11.5.06

Nasceu-me um trevo num vaso

Nasceu-me um trevo num vaso. Quis beijá-lo. Queixosa, a flor reteve o meu ímpeto com uma fragilidade verde.

Nasceu-me um trevo num vaso e não sei que fazer deles. Do vaso tanto como do botão mínimo dessa vida recém-desperta.

Nasceu-me um trevo, num vaso de cor de barro sujo. Da cor da relva regada, aquela nova vida acompanha-me agora os passos pela casa. Não me sinto só. Pelo contrário. Acontecem-me agora despertares diferentes. Neste e nos outros dias que hão-de vir.

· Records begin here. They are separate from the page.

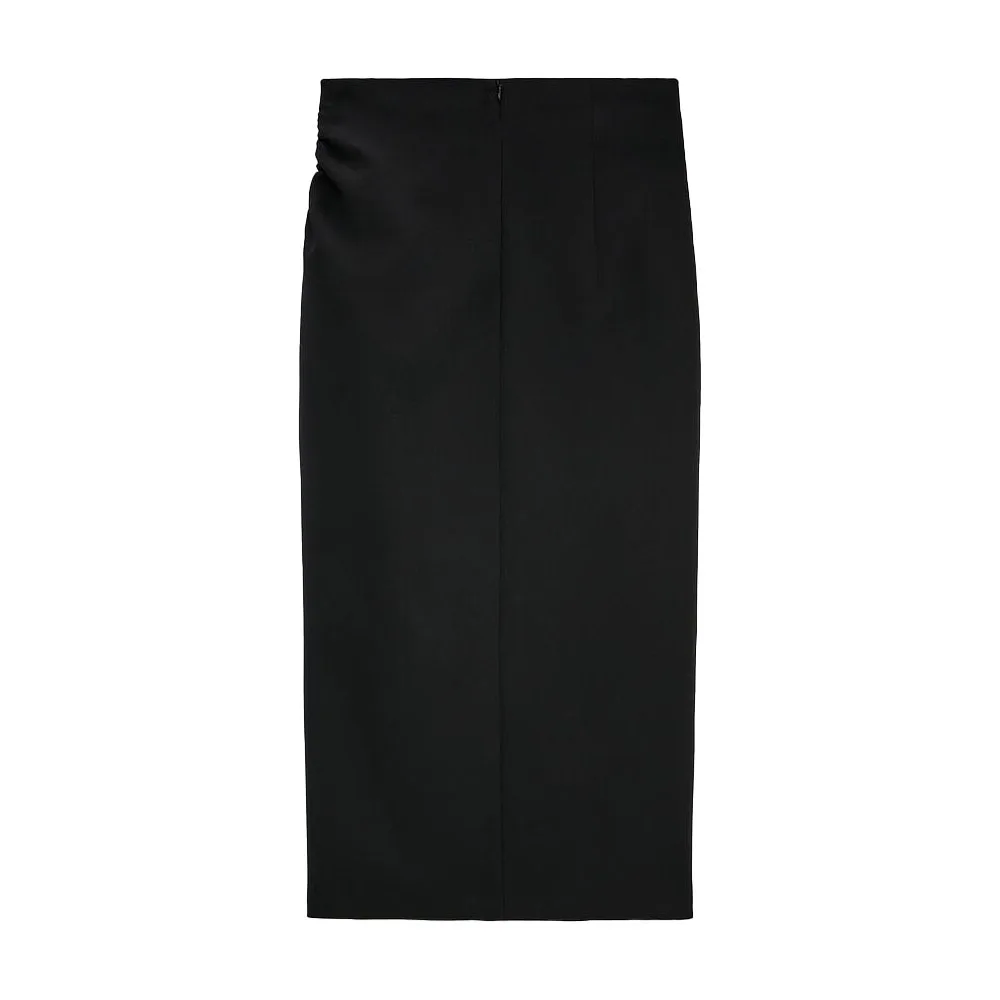 Женская модная универсальная Облегающая Юбка-миди ZA, прямая юбка средней длины с высокой талией и разрезом, в складку, на осень
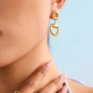 ステンレス304 ニッケルフリー 水に濡れても錆びにくい 18Kゴールドメッキ チャンキー ピアス ティアドロップ【YJ00601】
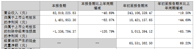 2025年1-9月,公司实现营业收入2.43亿元,同比下降19.50%;归属于上市公司股东的净利润为1,042.12万元,同比下降44.69%;归属于上市公司股东的扣除非经常性损益的净利润为501.34万元,同比下降65.79%;经营活动产生的现金流量净额为6,553.14万元,同比增长69.22%。
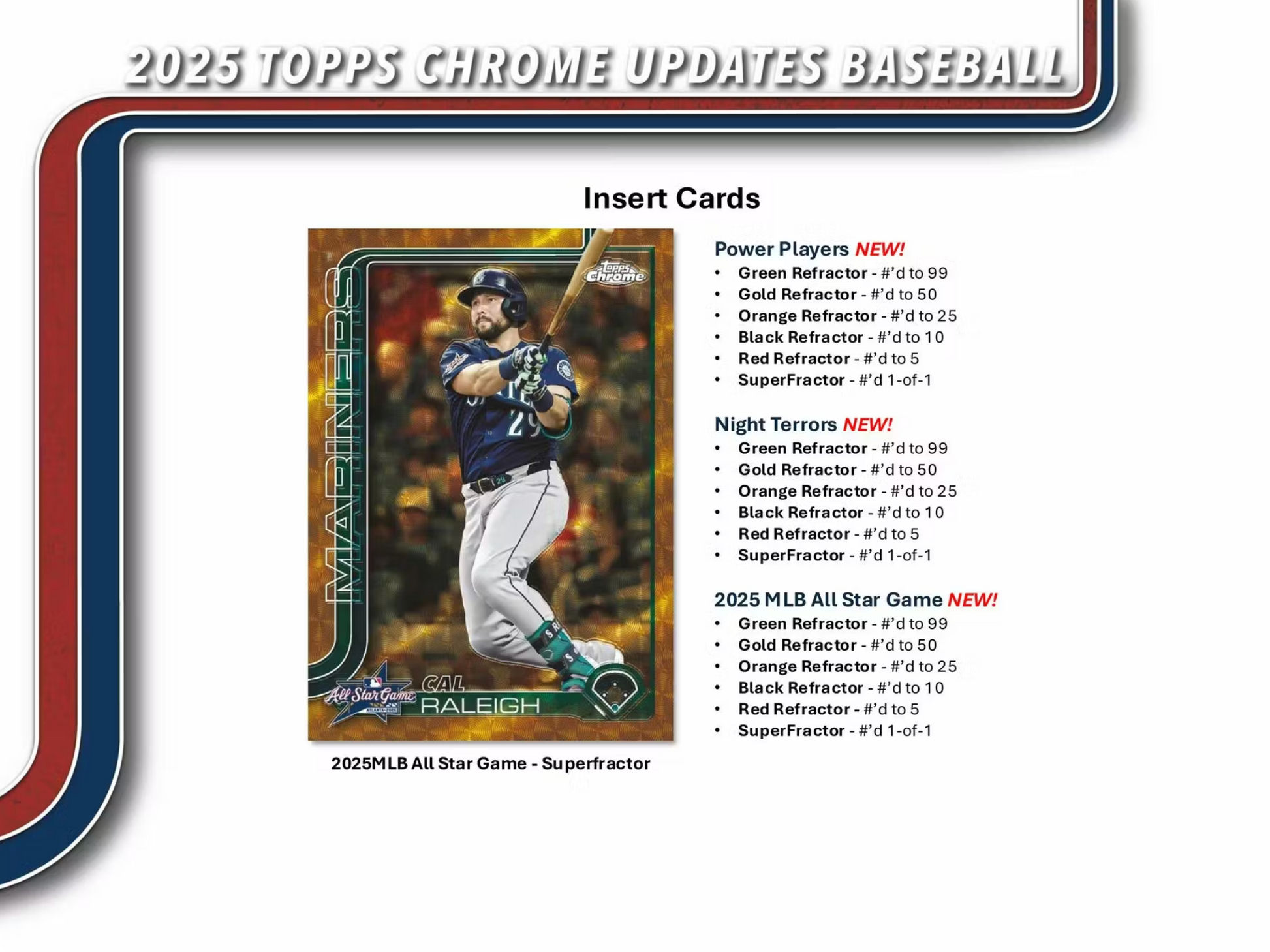 Each Box contains 1 Base Card Refractor Parallel, 1 Base Card Raywave Parallel, 4 Base Card Sepia Parallels, and 2 Inserts, on average!

Nasceu-me um trevo num vaso e desse monopólio de olhares antevejo entre ambos uma feliz cumplicidade. Mas o vaso não é teu, menino trevo. É dessa palmeirinha merdosa que aconteceu, transplantada, antes de ti. A terra onde repousas o teu caule esguio foi alugada a esse corpo de furúnculos domésticos que se debate contra o mais mínimo sol para não perecer fuzilado por raios violetas e ultras.

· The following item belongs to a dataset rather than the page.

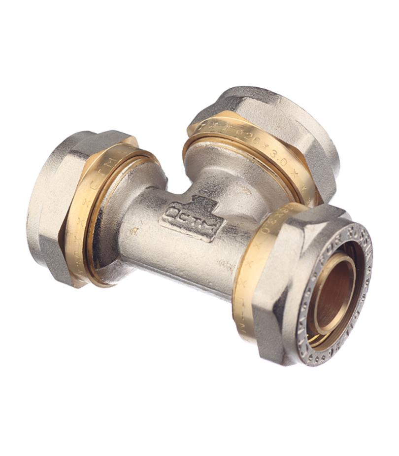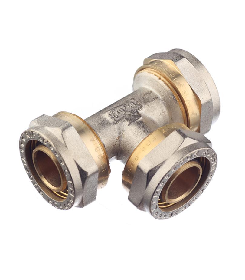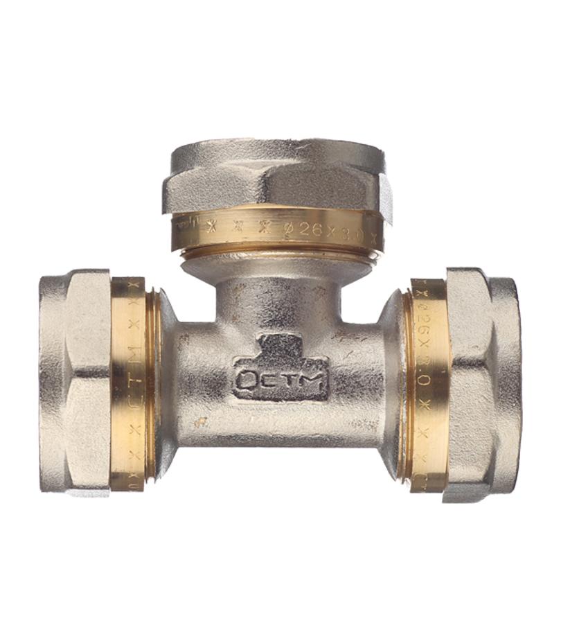Предназначен для разветвления потока воды на два направления, а именно для соединения методом обжима трех металлопластиковых труб диаметром 26 мм. Расшифровка маркировки ц – цанга (обжим). Состав латунь. Производитель Китай.

Nasceu-me um trevo num vaso. Quem te mandou, trevo, decidir acontecer precisamente agora? E se me abandonas, que farei do trevo que já não serás? De que trevo falarei?

Nasceu-me um trevo num vaso. Não me morras agora, verde flor, filha da terra livre e do acaso. Dá-me, antes de mais, um beijo teu. Frágil ou não. Dá-mo, que não me importo.